Data section
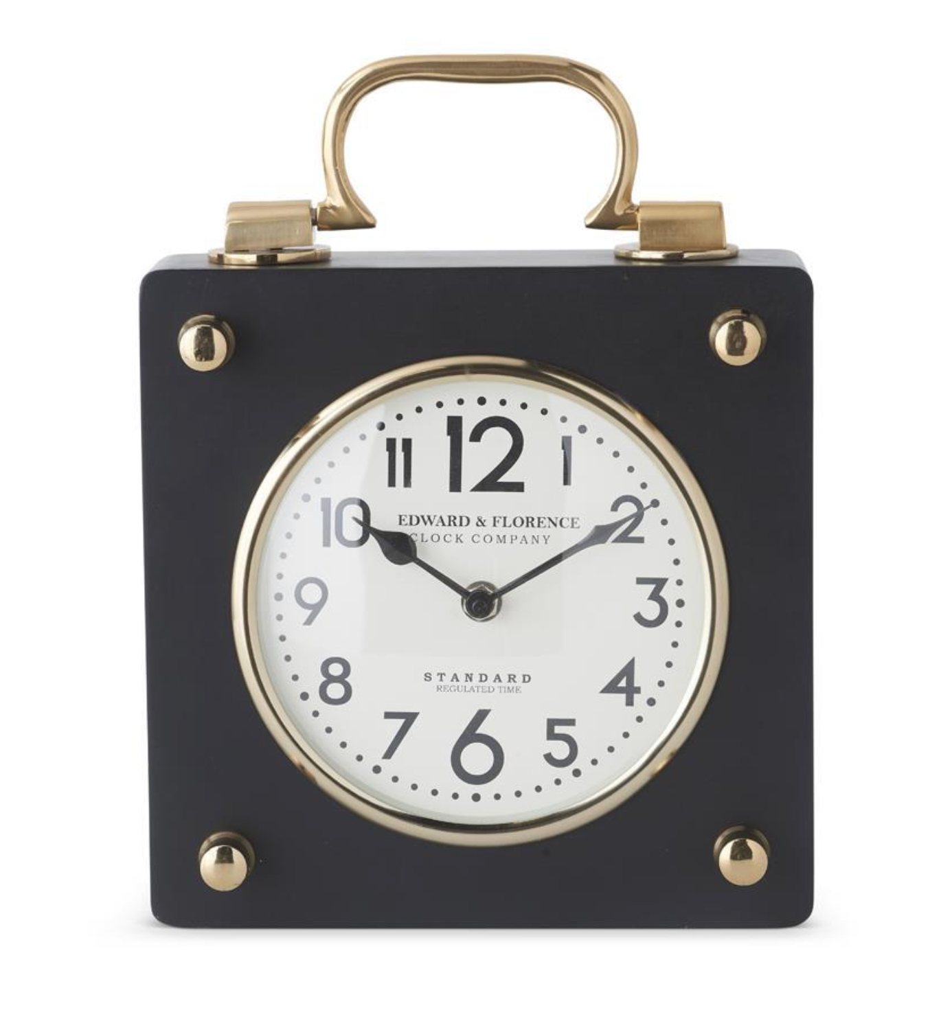 11.5 Inch Black and Brass Square Metal European Clock
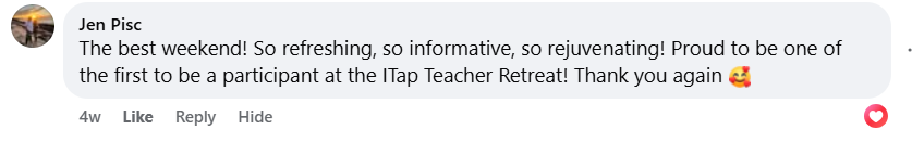 A: Only iTap Teacher Certificate Program graduates are invited. That means you’ll be surrounded by your people. No one else is invited!
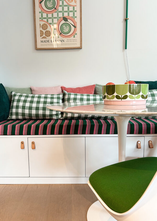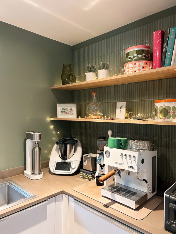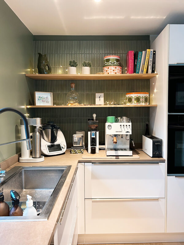 Pour finir, la salle à manger profite elle aussi de l’ajout de couleur. Sans être totalement transformée, elle gagne en dynamisme et en profondeur, car le regard est naturellement attiré vers le fond de la pièce. La cuisine également en vert Pic Nic avec sa crédence assortie, crée un joli lien visuel entre les 2 espaces.

Activity
An exact retyping of the material, minus the pictures, is the required answer.

Response box
 11.5 Inch Black and Brass Square Metal European Clock
 A: Only iTap Teacher Certificate Program graduates are invited. That means you’ll be surrounded by your people. No one else is invited!
 Pour finir, la salle à manger profite elle aussi de l’ajout de couleur. Sans être totalement transformée, elle gagne en dynamisme et en profondeur, car le regard est naturellement attiré vers le fond de la pièce. La cuisine également en vert Pic Nic avec sa crédence assortie, crée un joli lien visuel entre les 2 espaces.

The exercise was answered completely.